Using the records below, write out only the lines from the line containing "Umbrelă clasică cu" up to and including the line containing "- Orecchini realizzati", exactly, with no pictures.

SUPPLIED MATERIAL:
◇ ◇ ◇ ◇

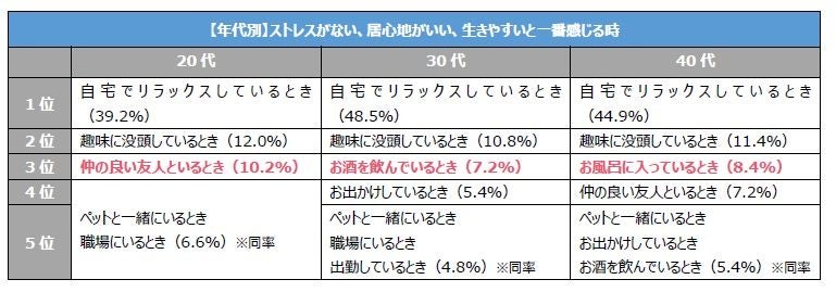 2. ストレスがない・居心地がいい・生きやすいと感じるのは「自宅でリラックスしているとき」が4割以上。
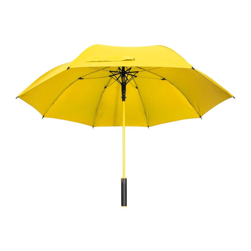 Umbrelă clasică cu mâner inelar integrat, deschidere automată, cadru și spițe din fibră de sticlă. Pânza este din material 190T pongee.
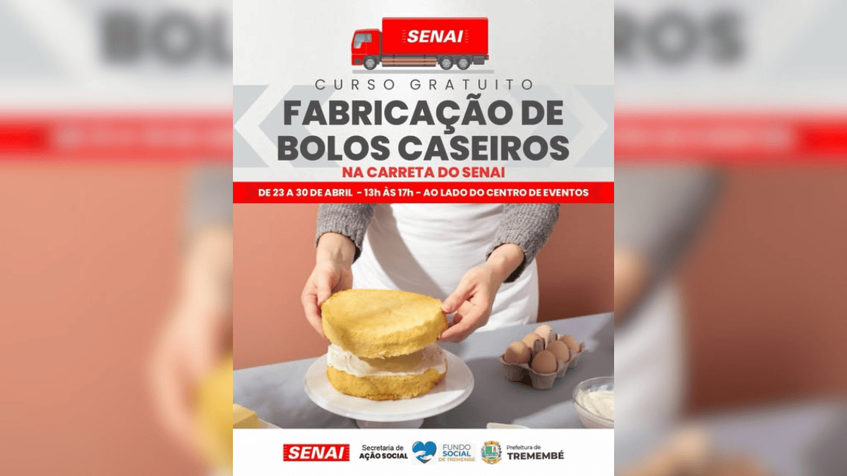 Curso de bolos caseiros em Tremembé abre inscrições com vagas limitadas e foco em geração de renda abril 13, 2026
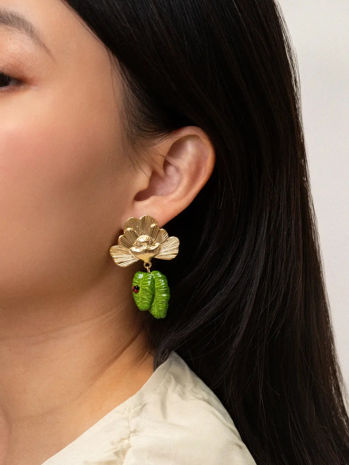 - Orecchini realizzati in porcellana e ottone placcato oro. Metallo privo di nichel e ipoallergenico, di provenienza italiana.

◇ ◇ ◇ ◇

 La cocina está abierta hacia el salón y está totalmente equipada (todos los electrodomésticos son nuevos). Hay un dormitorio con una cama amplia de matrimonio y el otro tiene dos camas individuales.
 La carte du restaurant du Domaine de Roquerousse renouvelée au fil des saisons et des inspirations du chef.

◇ ◇ ◇ ◇

ANSWER BOX:
 Umbrelă clasică cu mâner inelar integrat, deschidere automată, cadru și spițe din fibră de sticlă. Pânza este din material 190T pongee.
 Curso de bolos caseiros em Tremembé abre inscrições com vagas limitadas e foco em geração de renda abril 13, 2026
 - Orecchini realizzati in porcellana e ottone placcato oro. Metallo privo di nichel e ipoallergenico, di provenienza italiana.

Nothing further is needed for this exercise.